** Material provided follows **

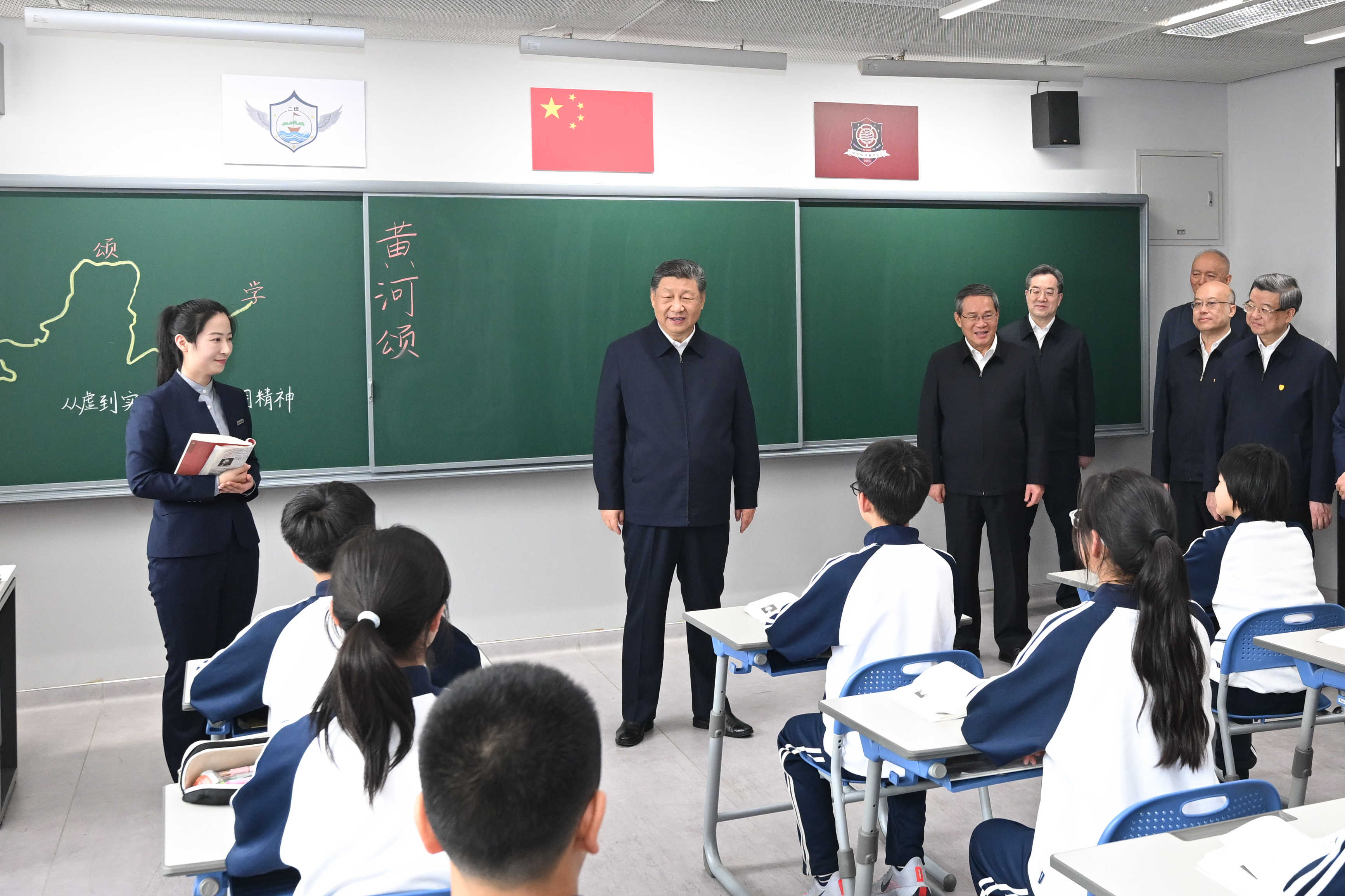 “你们都是随父母搬迁过来的吗?”“戴眼镜的有几个?”“体育锻炼的时间有保障吗?”总书记关心地问,孩子们雀跃地答,教室里暖意融融。
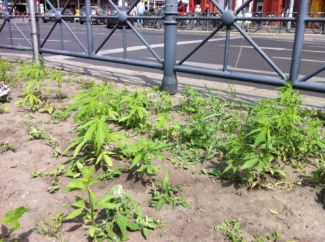 De betreffende rotonde in Berlijn, met nog wat schamele restanten van de 700 wietplanten
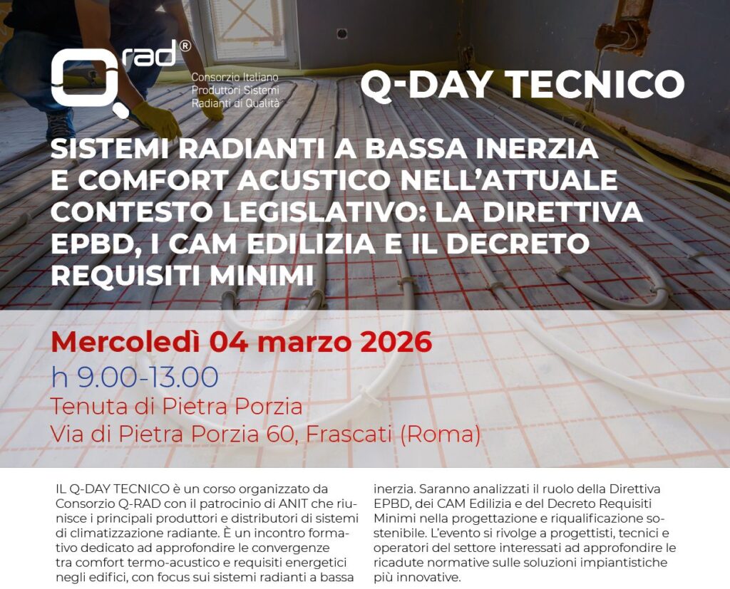 QDay Tecnico a Frascati il 4 marzo: un evento formativo con focus sui sistemi radianti a bassa inerzia, Direttiva Epbd, Cam Edilizia e comfort termo-acustico organizzato da QRad. Cfp riconosciuti.
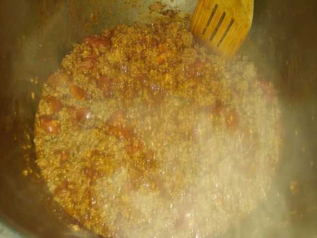 mi Chile de toda la familia le gusta, algunos como picante, algunos no. Mi 16 yo hijo no normalmente come verduras así que esto es una forma de conseguir esta receta que se me ocurrió mientras miraba en nuestra despensa para ver lo que había en él. G

** End of Material provided **

Could you retype exactly, and only, the lines running from the one with "De betreffende rotonde" to the last line of the listing, while leaving any pictures out?

 De betreffende rotonde in Berlijn, met nog wat schamele restanten van de 700 wietplanten
 QDay Tecnico a Frascati il 4 marzo: un evento formativo con focus sui sistemi radianti a bassa inerzia, Direttiva Epbd, Cam Edilizia e comfort termo-acustico organizzato da QRad. Cfp riconosciuti.
 mi Chile de toda la familia le gusta, algunos como picante, algunos no. Mi 16 yo hijo no normalmente come verduras así que esto es una forma de conseguir esta receta que se me ocurrió mientras miraba en nuestra despensa para ver lo que había en él. G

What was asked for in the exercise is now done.